Film adaptations of his own novels include First Love, Last Rites (1997), The Cement Garden (1993) and The Comfort of Strangers (1991), for which Harold Pinter wrote the screenplay, and Atonement (2007). His novel On Chesil Beach (2007), was shortlisted for the 2007 Man Booker Prize for Fiction, and winner of the British Book Awards Book of the Year and Author of the Year Awards. Recent books are For You (2008), the libretto to a new opera about an ageing conductor/composer, with music by Michael Berkeley; the novel Solar (2010), a satirical novel focusing on climate change, winner of the 2010 Bollinger Everyman Wodehouse Prize; Sweet Tooth (2012); and The Children Act (2014). Ian McEwan lives in London.
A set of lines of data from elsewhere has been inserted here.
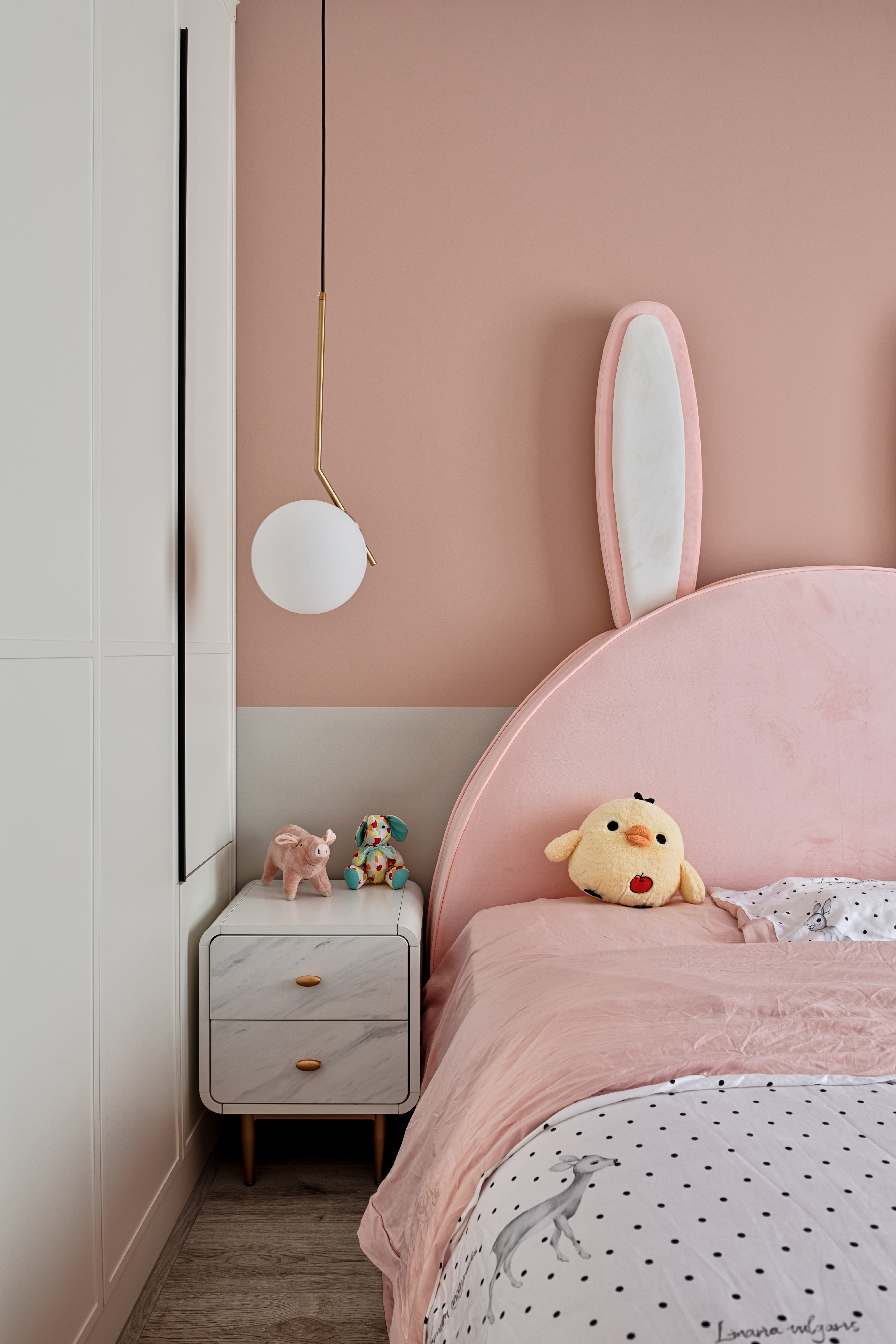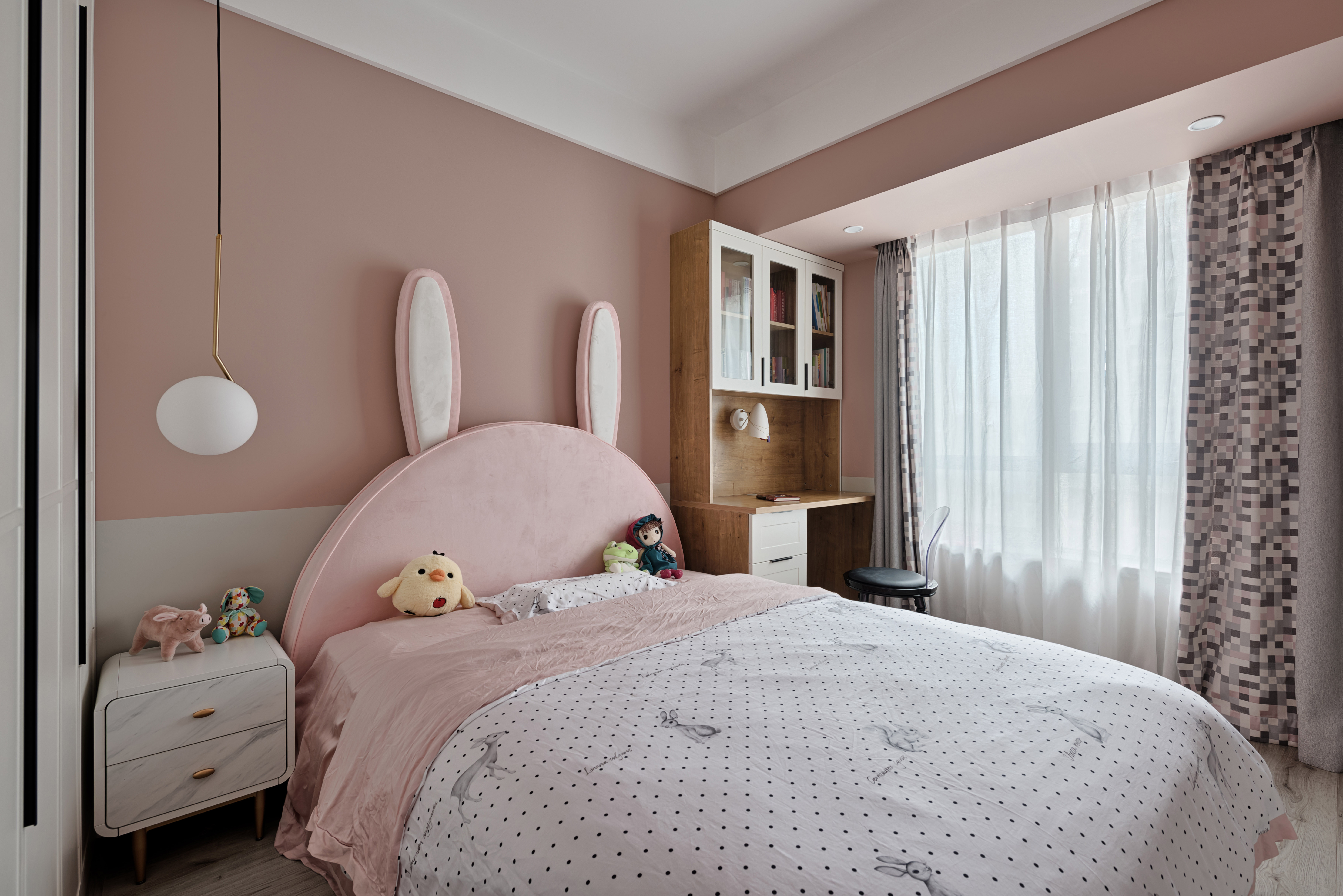 童心是值得留念珍藏的。软萌满分,甜美满分,兔子耳朵床靠的设计+甜美的造型必须能撩起内心深处隐藏的那份柔软,粉色的空间里,“少女心”在房间翩翩起舞,粉色世界每天都能有好心情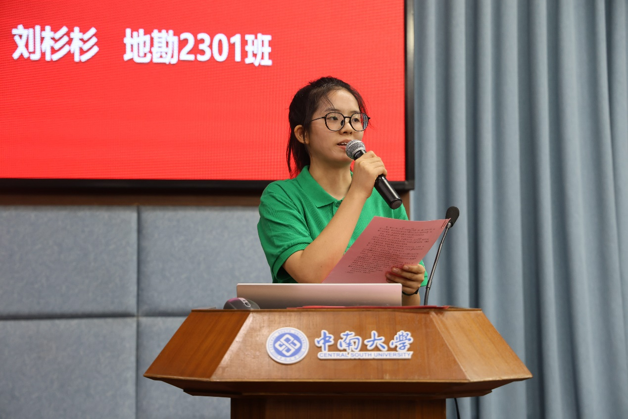 大会最后一项,2023级新生代表刘杉杉同学发言。刘杉杉同学在发言中讲到,“我们跨山越海奔赴此地,就是为了发出更璀璨的光芒”,中南大学和地信院为同学们提供了更加广阔的舞台,在崭新起点上,2023级新生要不忘初心,踔厉奋发,用汗水书写无悔青春。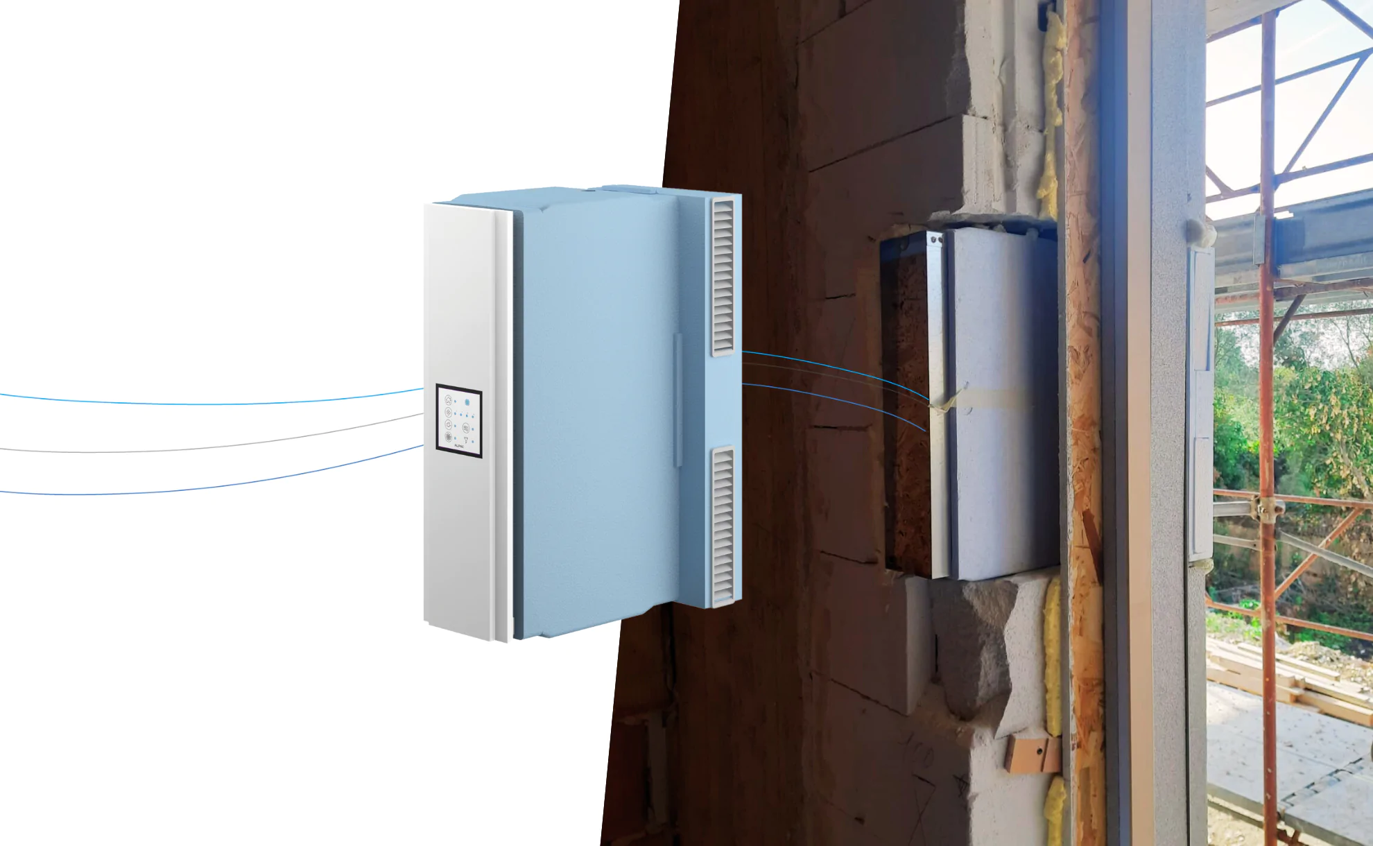 soluzione VMC a scomparsa (l’unità VMC si incassa direttamente nella muratura, lasciando a vista solo il pannello comandi)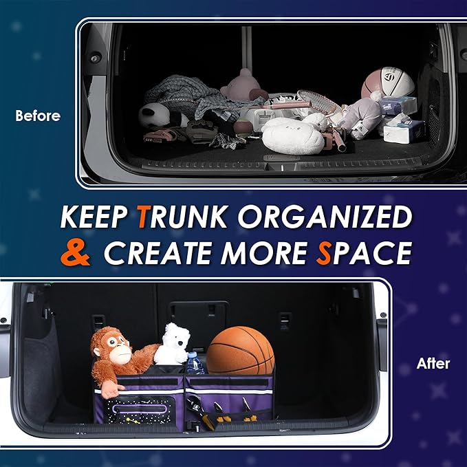 Car Trunk Organizer & Storage | 63L Capacity, 23.6"×13.8"×11.8" | Fluorescent Constellation Design | Waterproof, Collapsible with Adjustable Straps | for SUV, Small/Midsize Cars - Purple-M004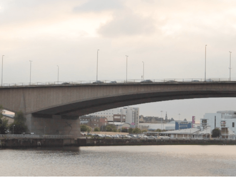 London to Glasgow – it takes a long time to return. We start to film Glasgow’s truncated walkways, the city’s concrete centre haunted by the ghosts of the Bruce Plan. We stop at the Kingston Bridge arching magnificently as it carries the M8 traffic north and south. Named after Glasgow’s first enclosed dock – 823 yards of quayside between Anderston and Tradeston – and a reminder of the city’s unacknowledged part in the transatlantic slave trade. The dock finally closed in 1966 when work on the bridge began. I tell E how an optimistic Clyde Port Authority had insisted that it had a clearance height to allow dredgers upstream.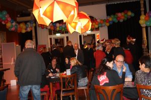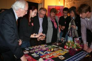 Na het officiële gedeelte was er veel belangstelling van de aanwezigen om het spel te bekijken. Mariska en Arnout waren als spelleiders actief om de informatie te geven over het doel en de werkwijze van Een Steekje Los?
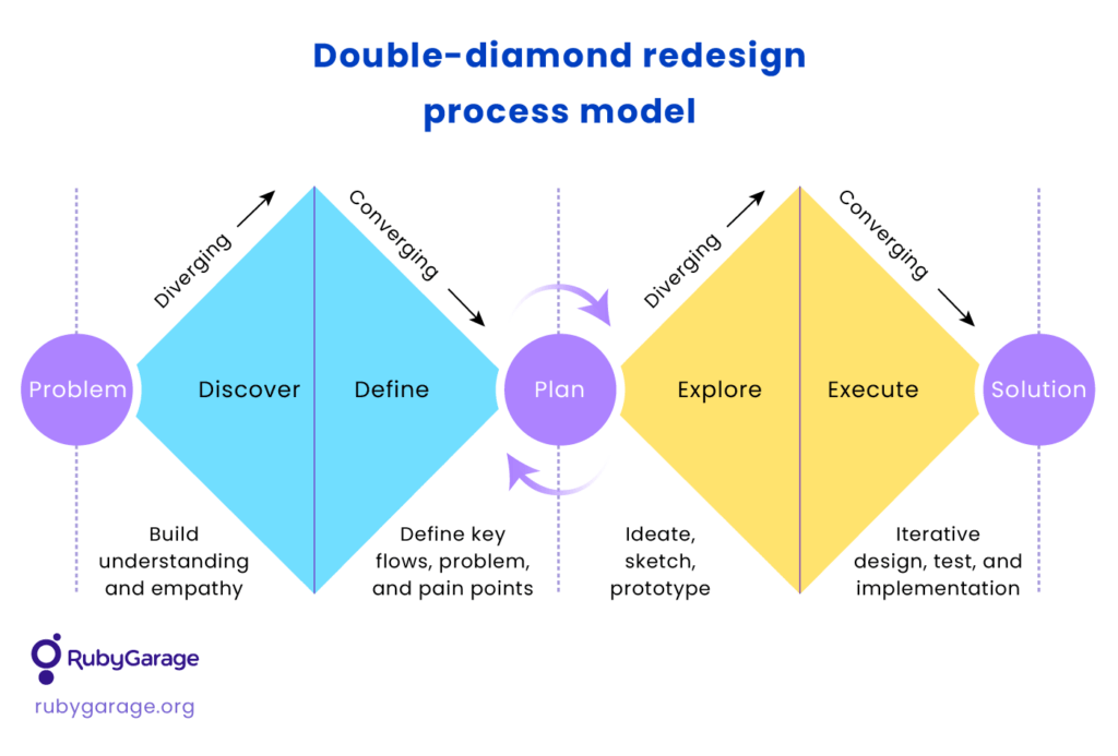 The Double Diamond model perfectly fits redesigns of any scale, from a single feature update to a complete product revamp.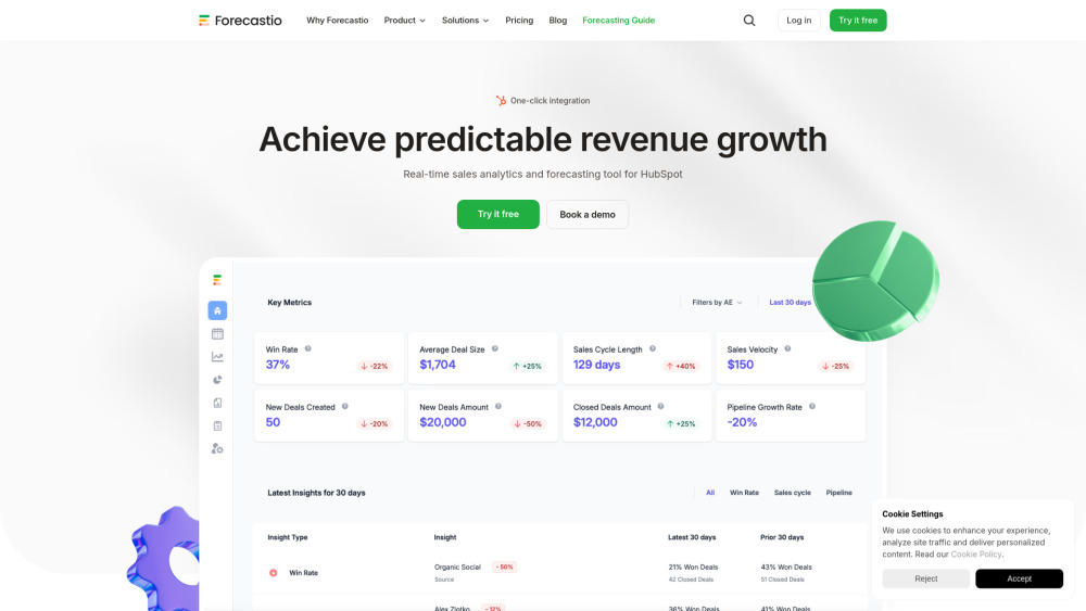 用于HubSpot的销售绩效管理和预测工具,增强销售分析。。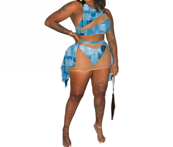 (Plus Size)(Jeans Blue)2023 Styles Women Sexy&Fashion Spring&Summer TikTok&Instagram Styles 3 Piece SwimsuitSKU: #XF27411-6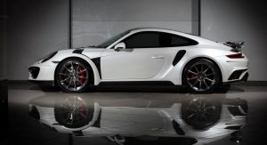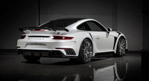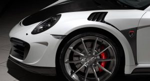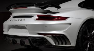 There are only a few subtle changes compared to the previous approach, but the Stinger’s new design is more chiseled, and better integrated in the 911’s body. Installed on a 911 Turbo, the package adds a plethora of carbon-fiber bits, new front and rear bumpers, side skirts, a new hood, and 911 GT3 RS-reminiscent air intakes on the side wings.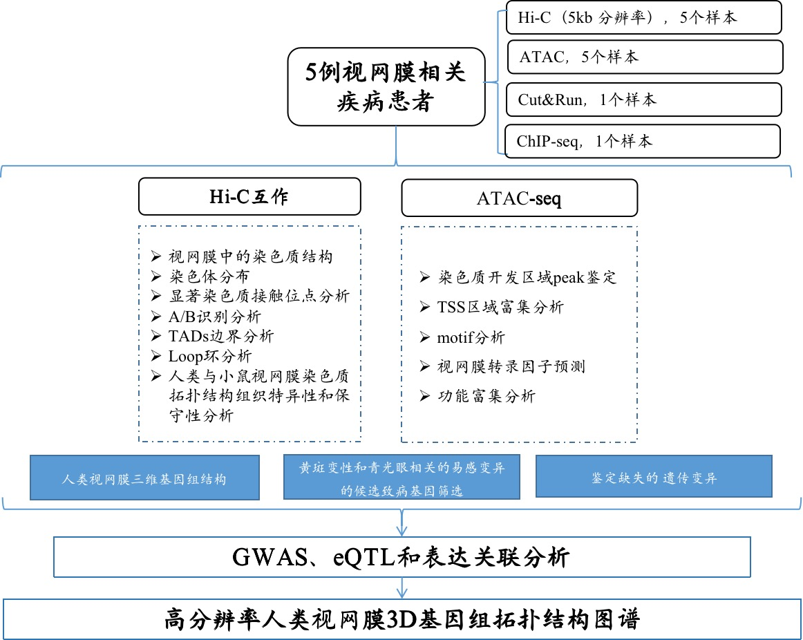 在過去視網(wǎng)膜疾病的全基因組關聯(lián)研究(GWAS)發(fā)現(xiàn)常見的變異主要在基因組非編碼區(qū)域,但由于先導變異區(qū)域的局部連鎖不平衡(LD),阻礙了特定關聯(lián)基因和變異的識別,因此闡明與性狀相關的遺傳變異如何影響調節(jié)基因表達網(wǎng)絡,并因此影響表型,亟需了解相關組織和細胞類型的3D基因組拓撲結構。

Other interesting information: http://www.theparisreview.org/interviews/393/the-art-of-fiction-no-173-ian-mcewan http://www.nytimes.com/books/98/12/27/reviews/981227.27pritcht.html

Topics for Discussion 1. Talk about the tone of this novel. Is it ironic? Humorous? Menacing? 2. Think about Clive and Vernon and your feelings about each at different stages of the novel. Did those feelings change? If so, at what key points? 3. This novel is funny--the Siamese twins story, the sub-editor who could not spell--talk about the role of humor in the novel. 4. The author suggests that years and success narrow life. Is this true to your experience? 5. Is everybody in Amsterdam a hypocrite?